In 2007, the number of ponies in the Tingkai Khunou breeding farm numbered only 13. The Tingkai Khunou, located in Bishnupur District was established during 1985-86 as a pony farm for conserving the Polo Ponies.
To uplift the status of Polo Ponies, the Manipur Government introduced the Manipur Pony Conservation and Development Policy in 2016, offering incentives to polo clubs.
Dr RK Khogendra Singh emphasises that awareness, starting from the grassroots levels, is imperative for pony conservation.
“Preserving the Manipuri Pony is not solely the obligation of the department, it is a collective responsibility. Comprehensive awareness needs to be instilled from the grassroots level by incorporating the pony’s narrative into the school curriculum,” asserted the Joint Director.
He said that the department’s role primarily involves providing medical care, engaging in breeding activities to augment the population.
The official clarified that the department bears no responsibility for animals succumbing to injuries on the roads as this falls squarely on the municipality and the respective owners.
The 20th Livestock Census recently conducted by the Veterinary Department painted a disheartening picture.
Dr Singh expressed his dismay, citing the district-wise break-up of pony numbers: Imphal West district has 619 ponies followed by Imphal East 266, Bishnupur district has 97, Tamenglong 75 and remaining in other districts.
According to the livestock census in 2007, the district-wise pony numbers were: Imphal West district 302 ponies followed by Thoubal district 280, Senapati 229, Bishnupur 115, Churachandpur 85, Chandel 64, Tamenglong 54, Ukhrul 54 and Imphal East district 35.
At that time, the overall count of ponies in the state was 1218.
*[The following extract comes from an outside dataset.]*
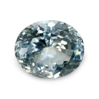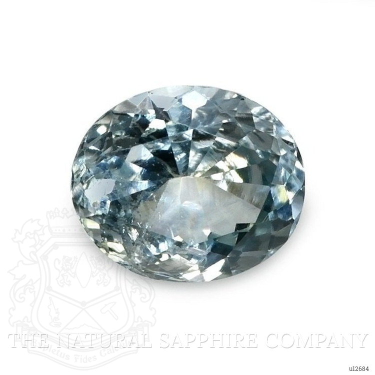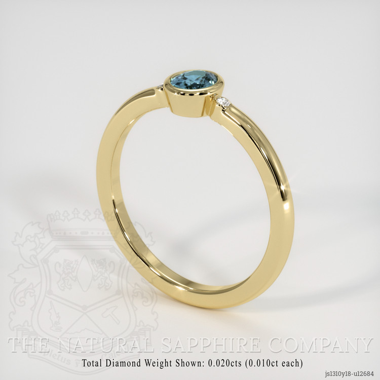 The ring features a beautiful, transparent 0.48 carat oval shape grayish blue sapphire with the dimensions of 5.13 x 4.38 x 2.78 mm and a mixed brilliant cut. It has a clarity grade of slightly included (evaluated at eye level), medium color saturation, and an excellent polish. The origin of this sapphire is Montana.

Despite the efforts of the Manipur Police Department proposing a mounted unit in every police station to increase pony numbers, progress has been hindered due to the prevailing situation in Manipur, lamented the Inspector General of Police, (Administration), K Jayenta Singh.
He added that the proposal envisions utilising ‘Sagol Police’ for law enforcement activities, emphasising the multifaceted benefits of these equine allies.
As Manipur’s original Polo Ponies teeter on the brink of extinction, the urgency to address the challenges faced by individual pony owners and revive grazing and polo grounds becomes paramount for the preservation of this cultural and sporting heritage.
Among the northeastern states, Manipur stands as the only state possessing its distinct and pure horse breed.
The Manipuri Pony is acknowledged as one of the five indigenous equine breeds in India, alongside Marwari, Kathiawari, Zanskari, and Spiti.